Depends on filtration but 25-30% every 2 weeks should be good. Good for the plants too.


----------



## vlahos (Sep 7, 2003)

i change mine every 10-14 days. sometimes every week depending on the mess left by leftover food or p crap...only upto 20% of the water every water change. so for your 30g, no more than about 10gallons.


----------



## rbP NUT (Dec 2, 2003)

a water change can be done on a weekly basis, varying from changing 10-50% a week. then again from one extreme to another some only change water when a high presance of nitrAtes occur, but having live plants can help reduce.
a basic idea is change 25% water weekly with a gravel vac


----------



## DiXoN (Jan 31, 2003)

about 20-30% each week but that will go upto 10 each day when i get my new aro and ray
dixon


----------



## rbP NUT (Dec 2, 2003)

DiXoN said:


> about 20-30% each week but that will go upto 10 each day when i get my new aro and ray
> dixon


 10% each day, why?


----------



## andymel (Oct 27, 2003)

rbP NUT said:


> DiXoN said:
> 
> 
> > about 20-30% each week but that will go upto 10 each day when i get my new aro and ray
> ...


 That may actually be ideal but whoever is doing this needs to get a life man. :bleh:


----------



## Grosse Gurke (Jan 3, 2003)

Kind of depends on the bio-load. If it is really low you can do less water changes.

Moved to water chem


----------



## amoor33 (Jan 21, 2004)

Well my 30 has 2 whisper30's on each side :smile: ...so every two weeks bout right?
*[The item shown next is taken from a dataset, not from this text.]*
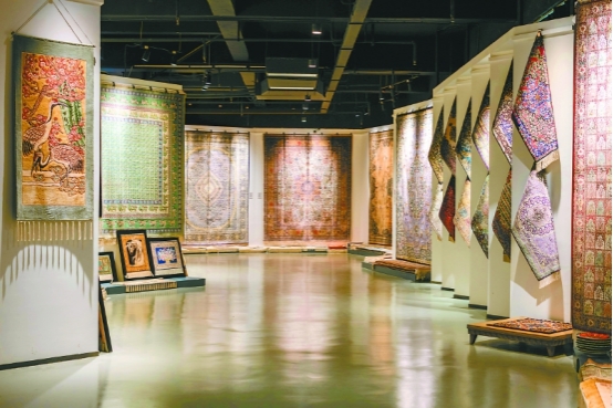 在閬中絲毯文化創(chuàng)意產(chǎn)業(yè)園,陳列著用絲毯編織技藝創(chuàng)作的精美絲毯

They arent messy...I have 4 RBP:

Two 2.5 inchers
Two 1.25 inchers

Thanks


----------



## Puma (Jan 27, 2004)

sounds fine to me, those fish are pretty small.

on my 125 i do a 30% every 3 days to keep the nitrates <10ppm, but that is a tank with large cichlids and is decently stocked.

if you LIKE to do them, do as many as you want to....it certainly wont hurt anything.


----------